◆ Work required
Copy the data that follows exactly, and include none of its images.
___ Extracted information ___
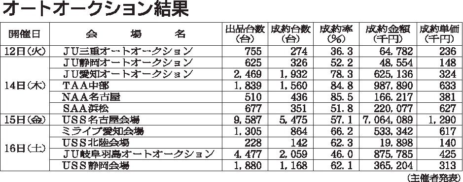 〈オートオークション結果〉中部地区 2021/1/12~16
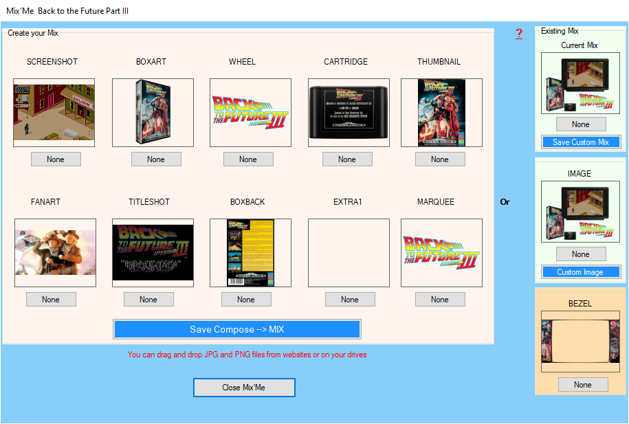 Drag and drop or select the images corresponding to the different Media elements of the ROM then of the Mix then click on 'Save images without Recompose'
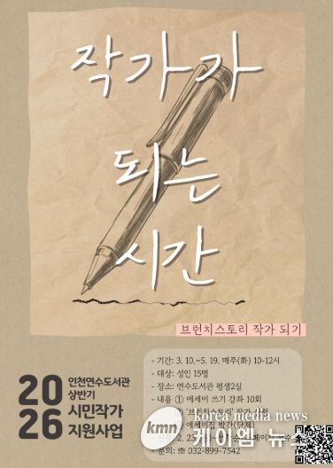 (케이엠뉴스) 인천광역시교육청연수도서관은 인천시민을 대상으로 예비작가 지원 프로그램 ‘작가가 되는 시간’ 참여자를 모집한다.
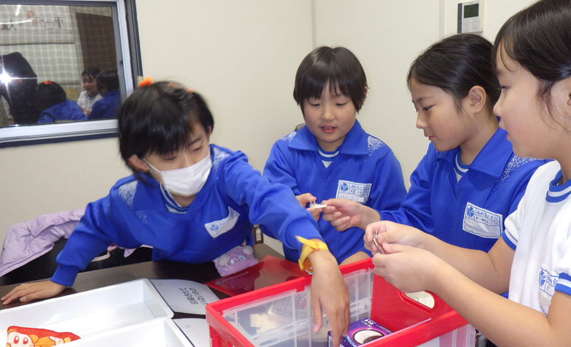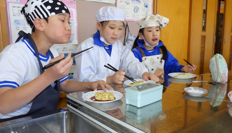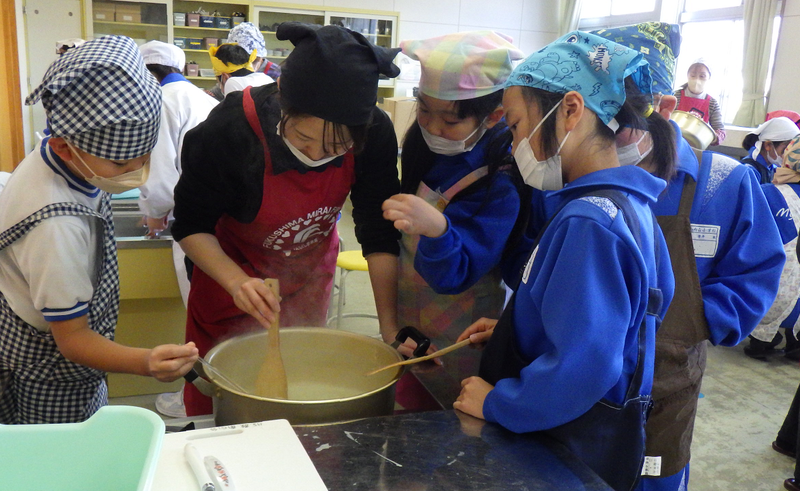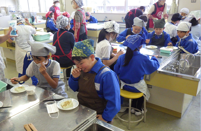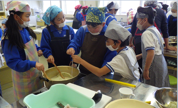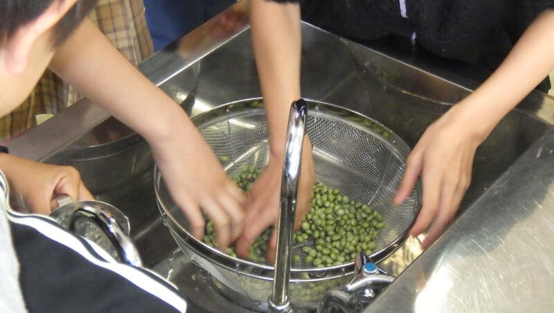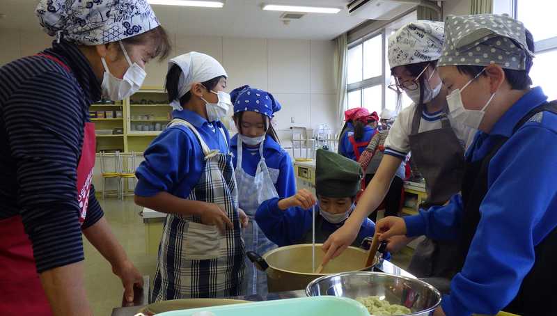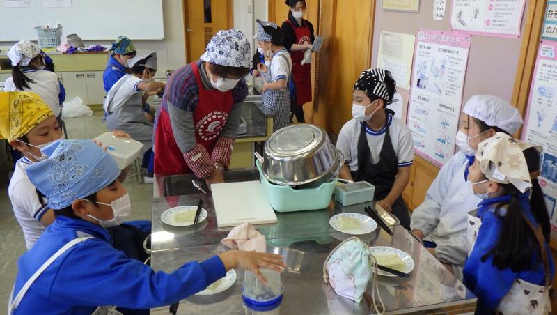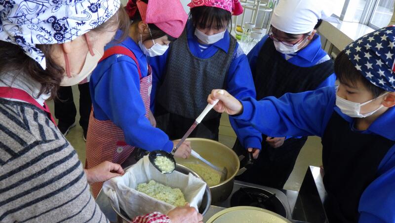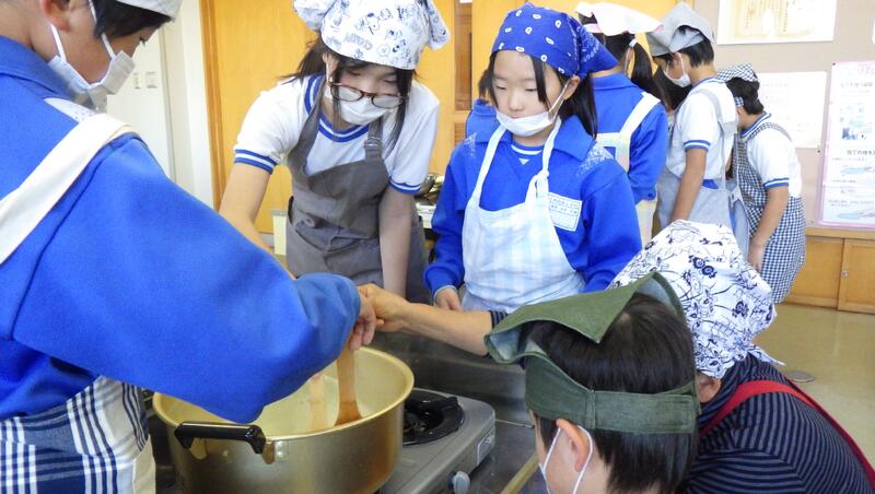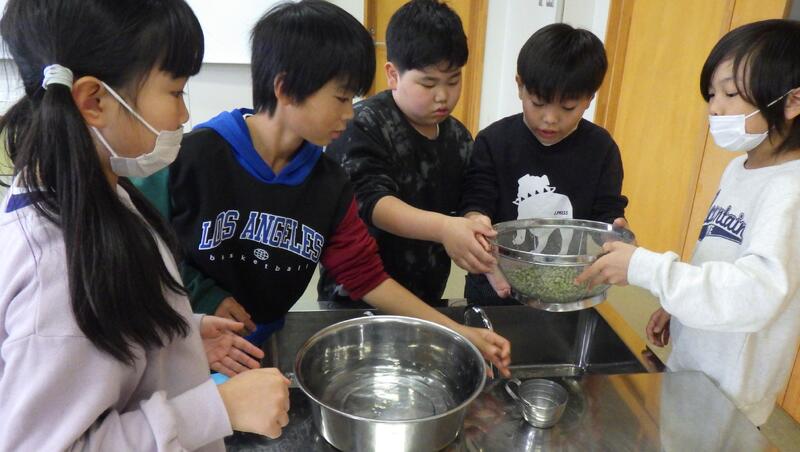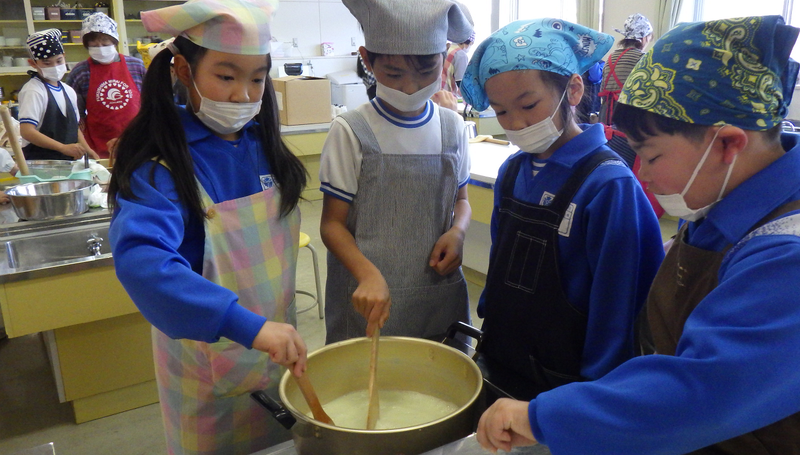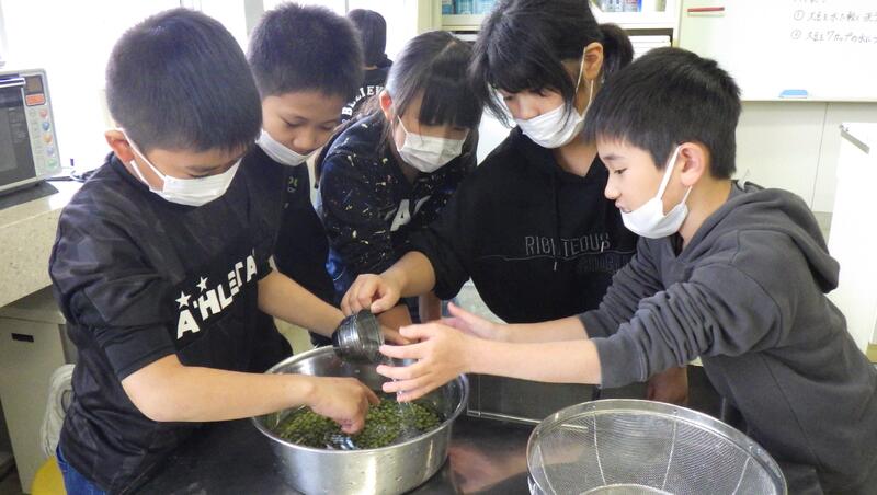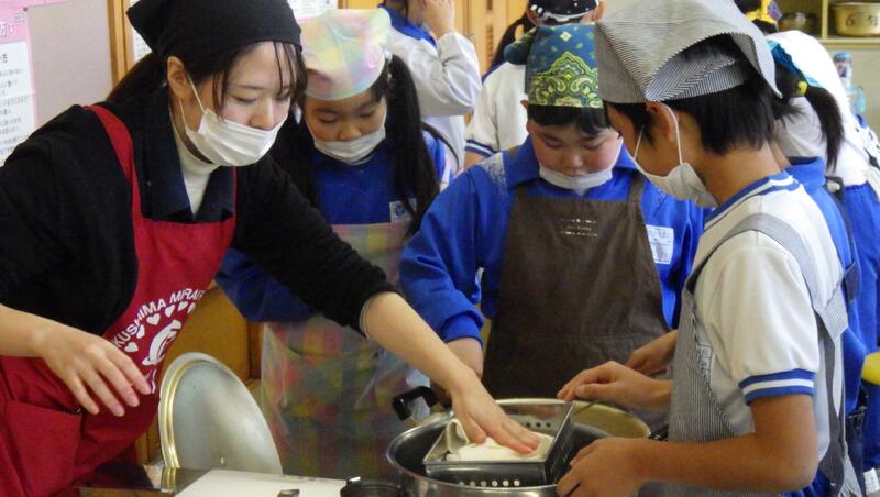 19日(火曜日)家庭科室で4学年の子どもたちが『豆腐作り体験』に取り組みました。
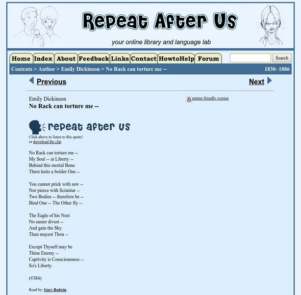 A poem from Emily Dickinson, "No Rack Can Torture Me", is provided on this site. Students may listen to this poem read aloud by Gary Bodwin and can access a printable version of this piece.
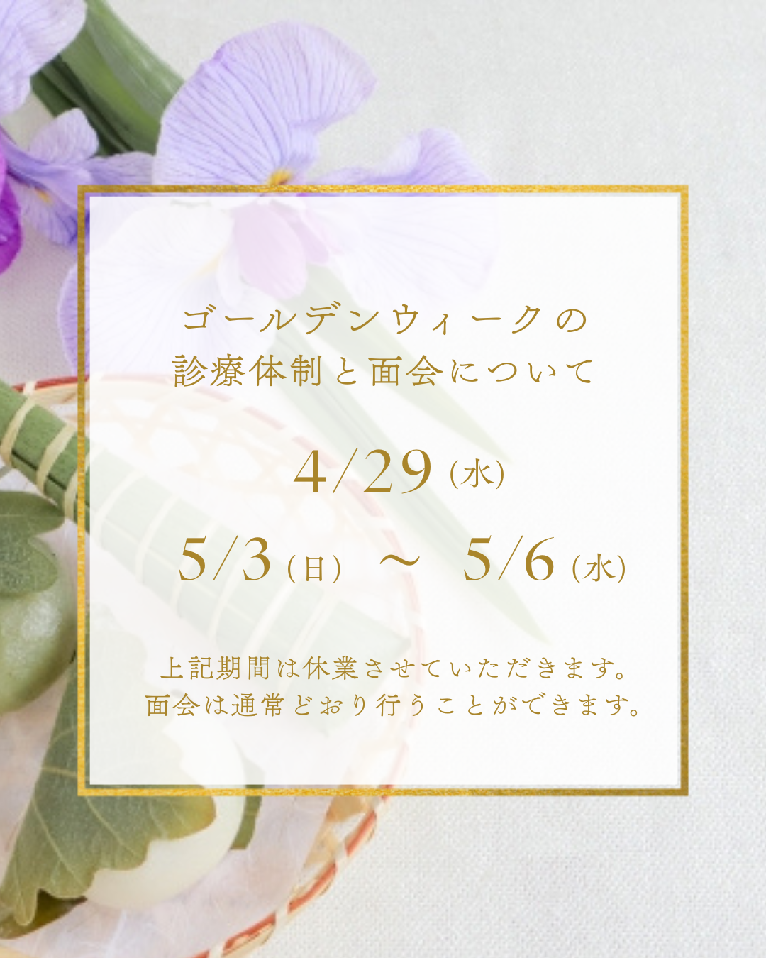 4月29日(水)および、5月3日(日)~5月6日(水)が休診日となります。
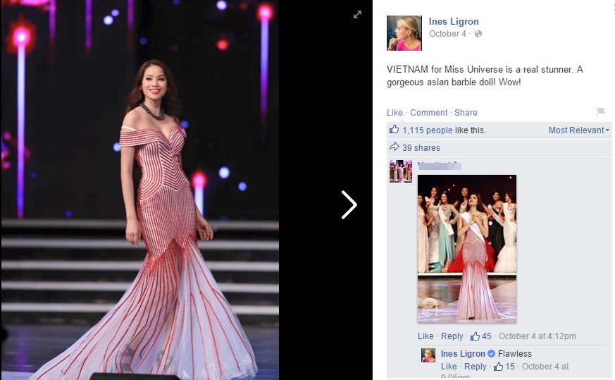 Sau đêm đăng quang, chuyên gia sắc đẹp quốc tế Ines Ligron - người từng đào tạo cho Cựu Hoa hậu Hoàn vũ Riyo Mori đã đăng tải một bức ảnh về Phạm Hương trên trang cá nhân của mình đồng thời khen ngợi về nhan sắc của cô, bà ví người đẹp như một "Barbie doll" (búp bê Barbie) của Châu Á, đồng thời bình luận rằng vẻ đẹp của cô là hoàn hảo thu hút rất nhiều sự chú ý cho Tân Hoa hậu Hoàn vũ của Việt Nam, thậm chí nhiều người đã dự đoán, với vẻ đẹp và thần thái này, Phạm Hương có thể tiến xa tại Hoa hậu Hoàn vũ Thế giới.
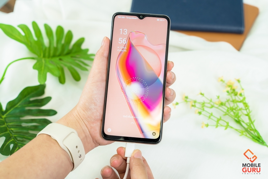 หน้าจอขนาด 6.56 นิ้ว ความละเอียด HD+ 720 x 1612 pixels (269 ppi), Refresh Rate 90Hz สวยงาม รับชมคลิปวิดีโอ และเล่นเกม ได้อย่างเต็มตา พร้อมระบบเสียงจากลำโพงคู่ที่เต็มอารมณ์
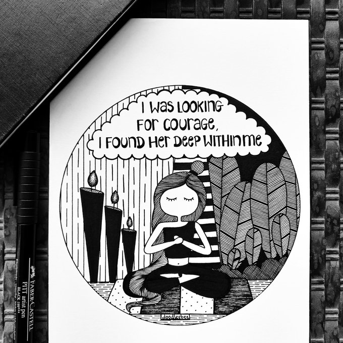 You cannot even begin to comprehend the power of the deep reservoir of strength, courage & compassion that you have within to endure anything that you face in your life. #Doodleebee #affirmation #courage #lifelessons #yogi #doodle #art
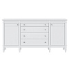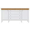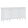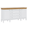 Комод оснащен двумя распашными дверками с полками внутри и четырьмя широкими ящиками. Фурнитура на дверях и ящиках с доводчиками. Высокие ножки обеспечивают оптимальный доступ при уборке.
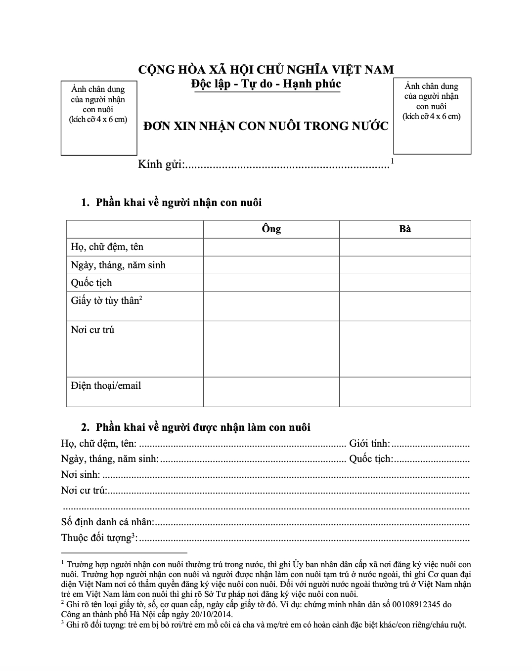 MẪU ĐƠN NHẬN CON NUÔI (tải mẫu tại đây)
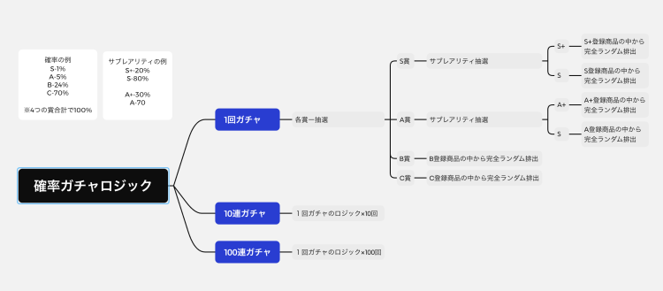 - こちらはここまでの確率系のガチャとは異なるロジックなので以下にロジック図を添付します。
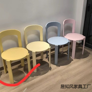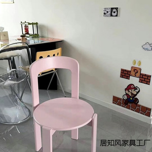 北欧简约实木中古餐椅家用咖啡客厅靠背彩色rey餐椅奶茶店椅子
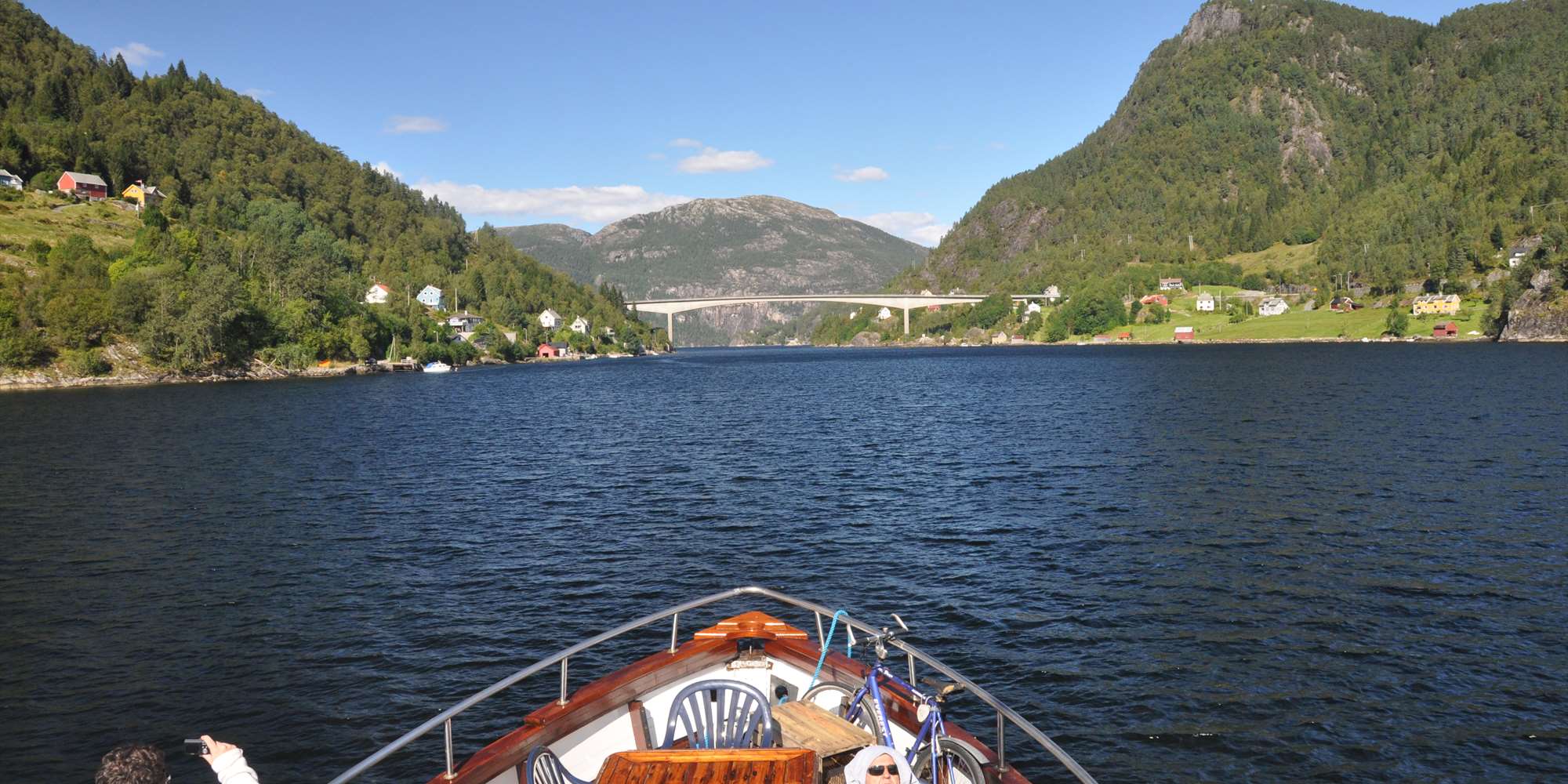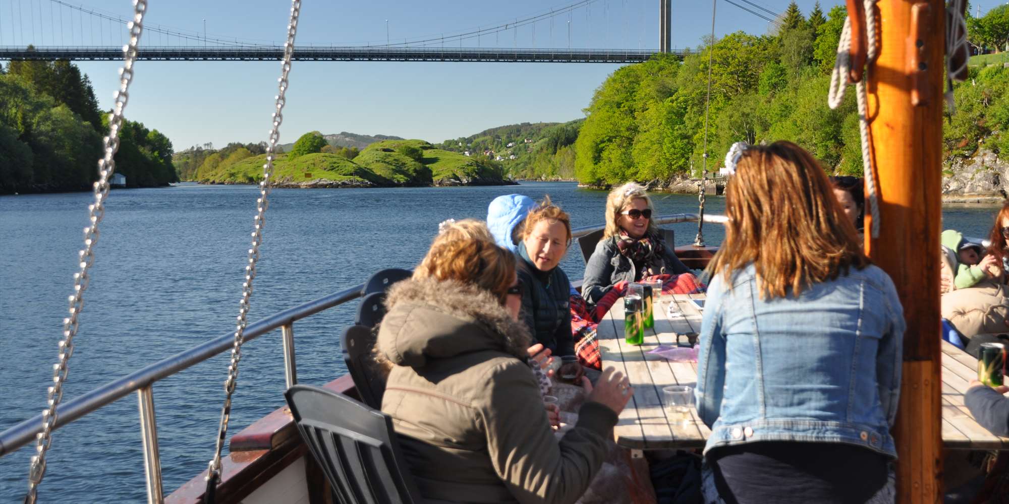 Die Tour startet im Hafen von Bergen mit Blick auf die alten Holzhäuser auf der Sonnenseite der Stadt. Auf dem Weg durch den Byfjord in Richtung Norden können Sie beobachten, wie sich die Bebauung im Laufe der Stadtenwicklung verändert hat. Von hier aus erhaschen Sie einen Blick auf den steilsten Berglauf der Welt, der zum Sandvikspilen führt. Weiter nördlich passiert man die bekannte Industriegemeinde Salhus, bevor man die Nordhordlandsbrücke passiert – einst die längste Schwimmbrücke der Welt.
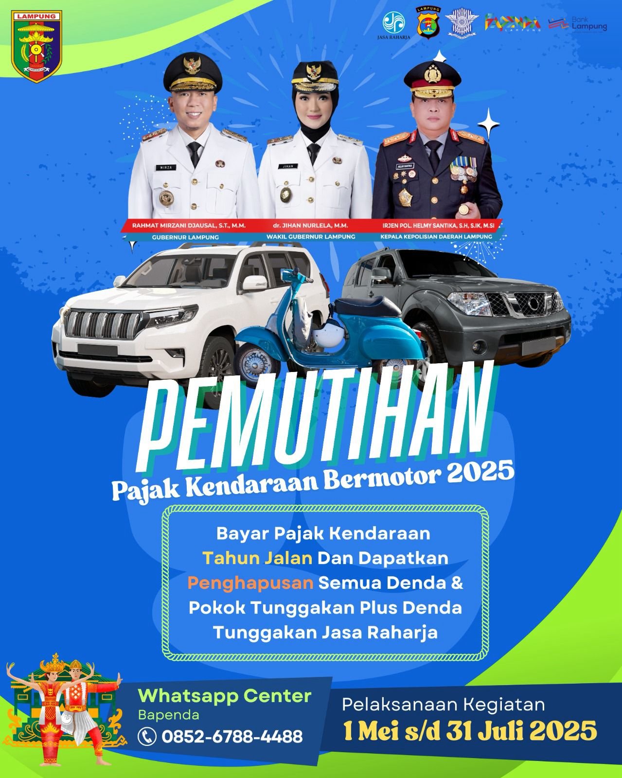 Pemerintah Provinsi (Pemprov) Lampung secara resmi mengumumkan program Pemutihan Pajak Kendaraan Lampung 2025. Program ini akan berlangsung dari 1 Mei hingga 31 Juli 2025 dan berlaku untuk seluruh jenis kendaraan bermotor, baik roda dua, empat, maupun enam.
___
◆ Worked solution
 〈オートオークション結果〉中部地区 2021/1/12~16
 Drag and drop or select the images corresponding to the different Media elements of the ROM then of the Mix then click on 'Save images without Recompose'
 (케이엠뉴스) 인천광역시교육청연수도서관은 인천시민을 대상으로 예비작가 지원 프로그램 ‘작가가 되는 시간’ 참여자를 모집한다.
 19日(火曜日)家庭科室で4学年の子どもたちが『豆腐作り体験』に取り組みました。
 A poem from Emily Dickinson, "No Rack Can Torture Me", is provided on this site. Students may listen to this poem read aloud by Gary Bodwin and can access a printable version of this piece.
 4月29日(水)および、5月3日(日)~5月6日(水)が休診日となります。
 Sau đêm đăng quang, chuyên gia sắc đẹp quốc tế Ines Ligron - người từng đào tạo cho Cựu Hoa hậu Hoàn vũ Riyo Mori đã đăng tải một bức ảnh về Phạm Hương trên trang cá nhân của mình đồng thời khen ngợi về nhan sắc của cô, bà ví người đẹp như một "Barbie doll" (búp bê Barbie) của Châu Á, đồng thời bình luận rằng vẻ đẹp của cô là hoàn hảo thu hút rất nhiều sự chú ý cho Tân Hoa hậu Hoàn vũ của Việt Nam, thậm chí nhiều người đã dự đoán, với vẻ đẹp và thần thái này, Phạm Hương có thể tiến xa tại Hoa hậu Hoàn vũ Thế giới.
 หน้าจอขนาด 6.56 นิ้ว ความละเอียด HD+ 720 x 1612 pixels (269 ppi), Refresh Rate 90Hz สวยงาม รับชมคลิปวิดีโอ และเล่นเกม ได้อย่างเต็มตา พร้อมระบบเสียงจากลำโพงคู่ที่เต็มอารมณ์
 You cannot even begin to comprehend the power of the deep reservoir of strength, courage & compassion that you have within to endure anything that you face in your life. #Doodleebee #affirmation #courage #lifelessons #yogi #doodle #art
 Комод оснащен двумя распашными дверками с полками внутри и четырьмя широкими ящиками. Фурнитура на дверях и ящиках с доводчиками. Высокие ножки обеспечивают оптимальный доступ при уборке.
 MẪU ĐƠN NHẬN CON NUÔI (tải mẫu tại đây)
 - こちらはここまでの確率系のガチャとは異なるロジックなので以下にロジック図を添付します。
 北欧简约实木中古餐椅家用咖啡客厅靠背彩色rey餐椅奶茶店椅子
 Die Tour startet im Hafen von Bergen mit Blick auf die alten Holzhäuser auf der Sonnenseite der Stadt. Auf dem Weg durch den Byfjord in Richtung Norden können Sie beobachten, wie sich die Bebauung im Laufe der Stadtenwicklung verändert hat. Von hier aus erhaschen Sie einen Blick auf den steilsten Berglauf der Welt, der zum Sandvikspilen führt. Weiter nördlich passiert man die bekannte Industriegemeinde Salhus, bevor man die Nordhordlandsbrücke passiert – einst die längste Schwimmbrücke der Welt.
 Pemerintah Provinsi (Pemprov) Lampung secara resmi mengumumkan program Pemutihan Pajak Kendaraan Lampung 2025. Program ini akan berlangsung dari 1 Mei hingga 31 Juli 2025 dan berlaku untuk seluruh jenis kendaraan bermotor, baik roda dua, empat, maupun enam.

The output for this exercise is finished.